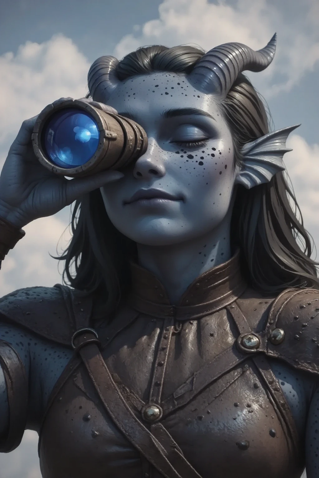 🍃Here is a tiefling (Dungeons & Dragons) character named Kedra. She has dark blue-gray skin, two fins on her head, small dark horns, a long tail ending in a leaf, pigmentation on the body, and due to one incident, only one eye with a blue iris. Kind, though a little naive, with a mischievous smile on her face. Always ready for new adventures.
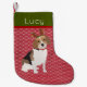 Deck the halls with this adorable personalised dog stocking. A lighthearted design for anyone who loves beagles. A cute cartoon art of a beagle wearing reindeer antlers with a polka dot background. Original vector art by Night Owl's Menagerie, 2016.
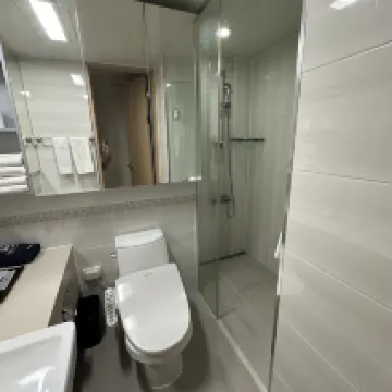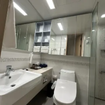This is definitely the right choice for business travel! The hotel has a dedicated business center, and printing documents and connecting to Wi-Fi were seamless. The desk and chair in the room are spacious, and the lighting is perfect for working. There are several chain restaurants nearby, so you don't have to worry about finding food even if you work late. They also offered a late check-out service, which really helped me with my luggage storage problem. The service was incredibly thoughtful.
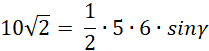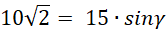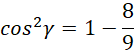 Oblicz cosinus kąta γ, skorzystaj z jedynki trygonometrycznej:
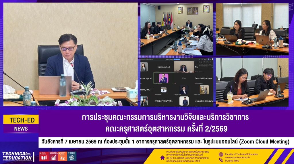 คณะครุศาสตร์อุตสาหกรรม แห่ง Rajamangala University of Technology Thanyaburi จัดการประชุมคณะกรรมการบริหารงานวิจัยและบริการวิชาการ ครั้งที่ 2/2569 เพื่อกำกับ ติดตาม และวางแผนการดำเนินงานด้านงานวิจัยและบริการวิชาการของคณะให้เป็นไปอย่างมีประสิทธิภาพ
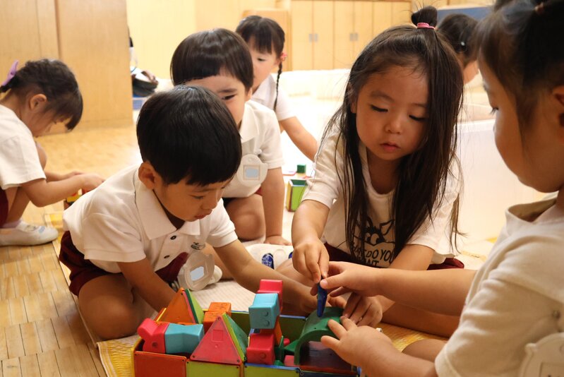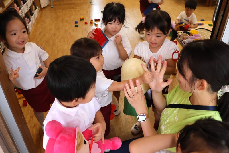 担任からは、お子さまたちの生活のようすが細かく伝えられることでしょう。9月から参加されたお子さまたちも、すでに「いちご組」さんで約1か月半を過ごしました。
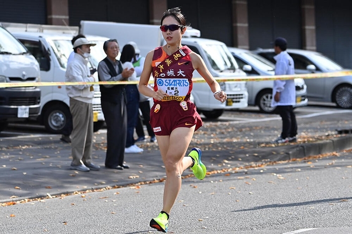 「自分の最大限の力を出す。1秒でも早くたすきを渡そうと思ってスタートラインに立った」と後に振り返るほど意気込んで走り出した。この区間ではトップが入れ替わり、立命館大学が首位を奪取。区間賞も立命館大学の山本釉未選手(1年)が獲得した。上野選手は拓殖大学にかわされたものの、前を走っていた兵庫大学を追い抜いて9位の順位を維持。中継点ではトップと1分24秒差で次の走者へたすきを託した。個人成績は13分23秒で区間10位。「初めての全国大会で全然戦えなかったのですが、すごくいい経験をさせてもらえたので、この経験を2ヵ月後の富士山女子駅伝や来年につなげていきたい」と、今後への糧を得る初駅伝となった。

------------

- **PROMPT**: Reproduce the data above exactly, leaving out any picture in it.

- **SOLUTION**:
 🍃Here is a tiefling (Dungeons & Dragons) character named Kedra. She has dark blue-gray skin, two fins on her head, small dark horns, a long tail ending in a leaf, pigmentation on the body, and due to one incident, only one eye with a blue iris. Kind, though a little naive, with a mischievous smile on her face. Always ready for new adventures.
 Deck the halls with this adorable personalised dog stocking. A lighthearted design for anyone who loves beagles. A cute cartoon art of a beagle wearing reindeer antlers with a polka dot background. Original vector art by Night Owl's Menagerie, 2016.
This is definitely the right choice for business travel! The hotel has a dedicated business center, and printing documents and connecting to Wi-Fi were seamless. The desk and chair in the room are spacious, and the lighting is perfect for working. There are several chain restaurants nearby, so you don't have to worry about finding food even if you work late. They also offered a late check-out service, which really helped me with my luggage storage problem. The service was incredibly thoughtful.
 Oblicz cosinus kąta γ, skorzystaj z jedynki trygonometrycznej:
 คณะครุศาสตร์อุตสาหกรรม แห่ง Rajamangala University of Technology Thanyaburi จัดการประชุมคณะกรรมการบริหารงานวิจัยและบริการวิชาการ ครั้งที่ 2/2569 เพื่อกำกับ ติดตาม และวางแผนการดำเนินงานด้านงานวิจัยและบริการวิชาการของคณะให้เป็นไปอย่างมีประสิทธิภาพ
 担任からは、お子さまたちの生活のようすが細かく伝えられることでしょう。9月から参加されたお子さまたちも、すでに「いちご組」さんで約1か月半を過ごしました。
 「自分の最大限の力を出す。1秒でも早くたすきを渡そうと思ってスタートラインに立った」と後に振り返るほど意気込んで走り出した。この区間ではトップが入れ替わり、立命館大学が首位を奪取。区間賞も立命館大学の山本釉未選手(1年)が獲得した。上野選手は拓殖大学にかわされたものの、前を走っていた兵庫大学を追い抜いて9位の順位を維持。中継点ではトップと1分24秒差で次の走者へたすきを託した。個人成績は13分23秒で区間10位。「初めての全国大会で全然戦えなかったのですが、すごくいい経験をさせてもらえたので、この経験を2ヵ月後の富士山女子駅伝や来年につなげていきたい」と、今後への糧を得る初駅伝となった。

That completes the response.